Similar with the derivation of FC-WTSVR in linear case, by introducing nonnegative Lagrangian multiplier vectors \( \varvec{\mu} \) and \( \varvec{\nu} \), we can obtain the following dual problems of Eqs. (41) and (42), respectively:

$$ \begin{aligned} & \mathop {\hbox{max} }\limits_{{\varvec{\mu }}} - \frac{1}{2} \varvec{\mu}^{\text{T}} \left( {\frac{{\varvec{D}^{ - 1} }}{{c_{1} }} + \varvec{Q}\left( { \varvec{Q}^{\text{T}} \varvec{Q} + \varvec{J}^{{\varvec{\Phi}}} } \right)^{ - 1} \varvec{Q}^{\text{T}} } \right) \varvec{\mu}+ \varvec{f}^{\text{T}} \varvec{Q}\left( { \varvec{Q}^{\text{T}} \varvec{Q} + \varvec{J}} \right)^{ - 1} \varvec{Q}^{\text{T}} \varvec{\mu}- \varvec{f}^{\text{T}} \varvec{\mu}\\ & \quad {\text{s}} . {\text{t}} . \;\;\varvec{ {0}} \le \varvec{\mu } \\ \end{aligned} $$

(43)

$$ \begin{aligned} & \mathop {\hbox{max} }\limits_{{\varvec{\nu }}} - \frac{1}{2} \varvec{\nu}^{\text{T}} \left( {\frac{{\varvec{D}^{ - 1} }}{{c_{2} }} + \varvec{Q}\left( { \varvec{Q}^{\text{T}} \varvec{Q} + \varvec{J}^{{\varvec{\Phi}}} } \right)^{ - 1} \varvec{Q}^{\text{T}} } \right)\varvec{\nu}- \varvec{h}^{\text{T}} \varvec{Q}\left( { \varvec{Q}^{\text{T}} \varvec{Q} + \varvec{J}} \right)^{ - 1} \varvec{Q}^{\text{T}}\varvec{\nu}+ \varvec{h}^{\text{T}}\varvec{\nu}\\ & \quad {\text{s}} . {\text{t}} .\;\;\varvec{ {0}} \le\varvec{\nu}\\ \end{aligned} $$

(44)

where \( \varvec{Q} = \left[ {\begin{array}{*{20}c} {\varvec{K}\left( {\varvec{A},\varvec{A}^{\text{T}} } \right)} & \varvec{e} \\ \end{array} } \right] \), \( \varvec{f} = \varvec{Y} - \varvec{e}\varepsilon_{1} \), \( \varvec{h} = \varvec{Y} + \varvec{e}\varepsilon_{2} \), and \( \varvec{J}^{{\varvec{\Phi}}} = \left[ {\begin{array}{*{20}c} {\Sigma^{{\varvec{\Phi}}} } & \varvec{ {0}} \\ \varvec{ {0}}^{\text{T}} & 0 \\ \end{array} } \right] \).

Once Eqs. (43) and (44) are solved, we can obtain the optimal Lagrangian multiplier vectors \( \varvec{\mu}^{\varvec{*}} \) and \( \varvec{\nu}^{\varvec{*}} \).

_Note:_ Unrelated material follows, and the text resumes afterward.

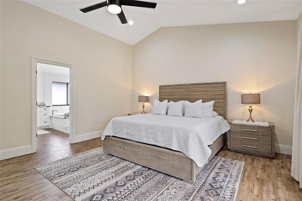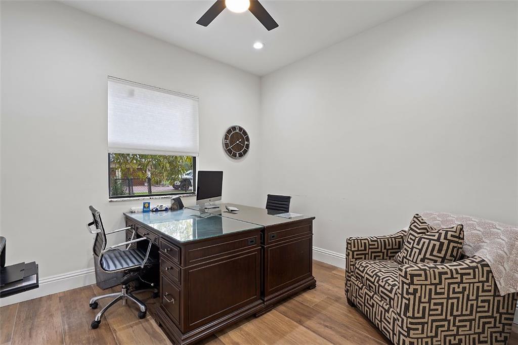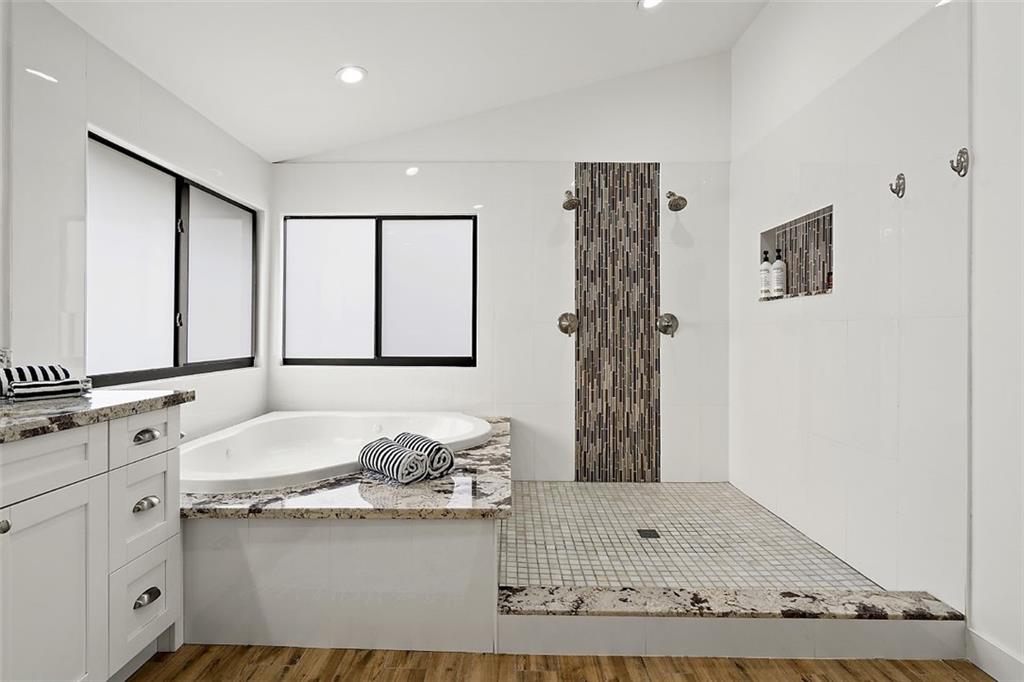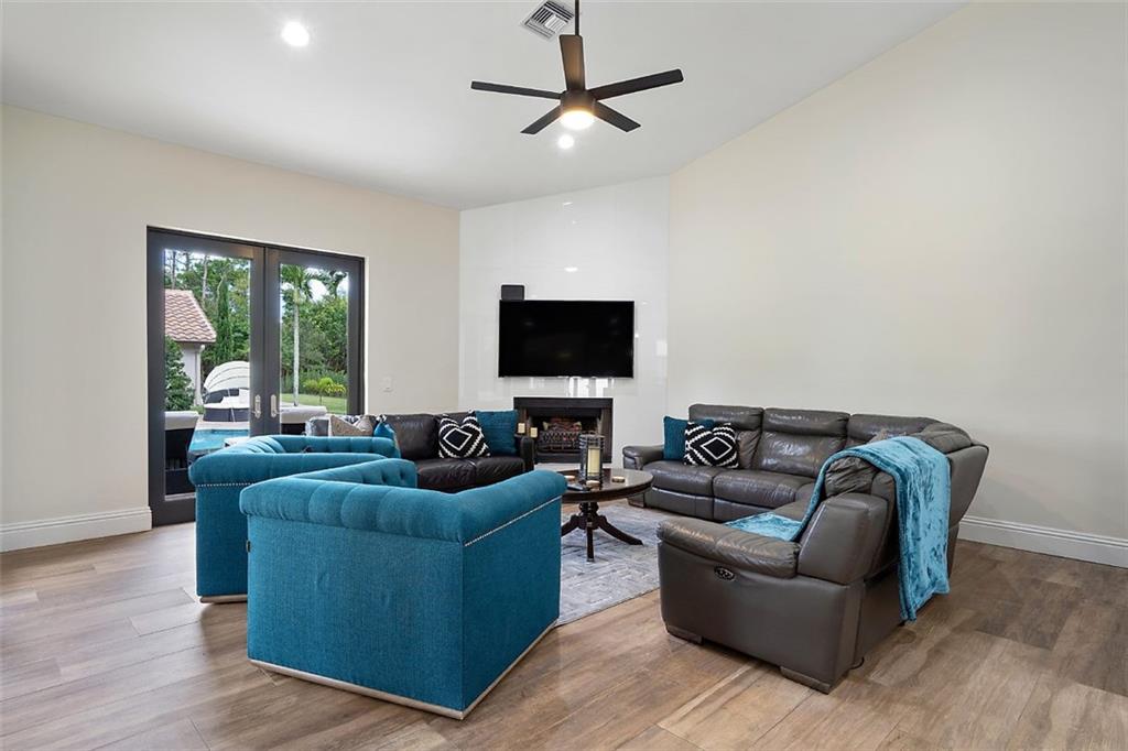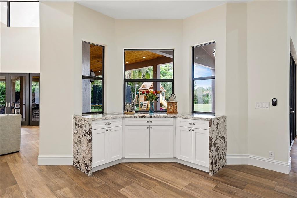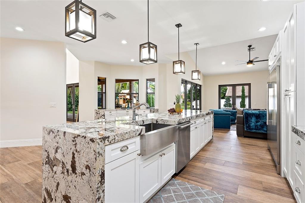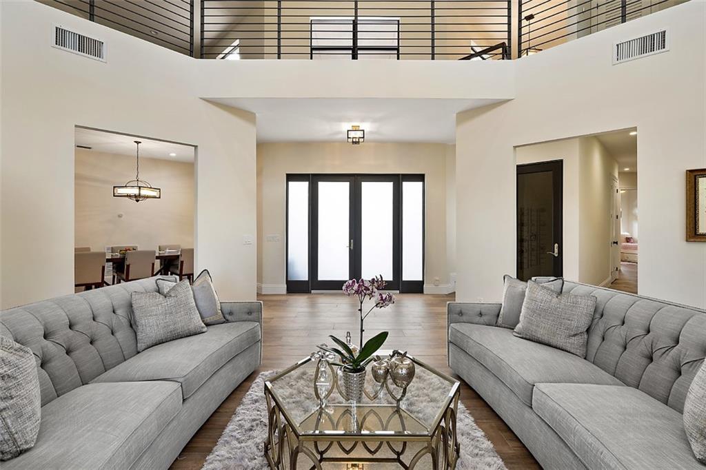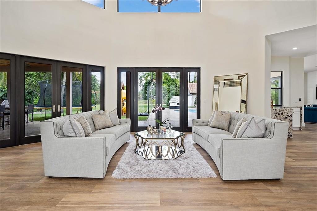 This magnificent home boasts an open and elegant floor plan. Upon entry you will appreciate the Italian porcelain floors and sophisticated design allowing views of the pool and garden. The home features a formal living and formal dining room. The expansive gourmet kitchen is a chef's dream with dual ovens, sub zero refrigerator and enormous island with seating for 6. Wine lover's closet. Oversized family room complete with fireplace. Downstairs features 4 bedrooms. Upstairs is the master and luxurious spa like master bath with walk in shower. Master features French doors that flow on to oversized balcony overlooking your outdoor paradise. Two other bedrooms and loft are are upstairs. The covered patio and summer kitchen are perfect for entertaining and flow to the tropical pool

Then, we can compute the augmented vectors \( {\varvec\vartheta}_{1} \) and \( {\varvec\vartheta}_{2} \) as follows:

$$ {\varvec\vartheta}_{1} = \left( { \varvec{Q}^{\text{T}} \varvec{Q} + \varvec{J}^{{\varvec{\Phi}}} } \right)^{ - 1} \varvec{Q}^{\text{T}} \left( { \varvec{f} -\varvec{\mu}^{\varvec{*}} } \right) $$

(45)

$$ {\varvec\vartheta}_{2} = \left( { \varvec{Q}^{\text{T}} \varvec{Q} + \varvec{J}^{{\varvec{\Phi}}} } \right)^{ - 1} \varvec{Q}^{\text{T}} \left( { \varvec{h} +\varvec{\nu}^{\varvec{*}} } \right) $$

(46)

where \( {\varvec{\vartheta}}_{1} = \left[ {\begin{array}{*{20}c} {\varvec{w}_{1} } \\ {\varvec{b}}_{1} \\ \end{array} } \right] \) and \( {\varvec{\vartheta}}_{2} = \left[ {\begin{array}{*{20}c} {\varvec{w}}_{2} \\ {\varvec{b}}_{2} \\ \end{array} } \right] \).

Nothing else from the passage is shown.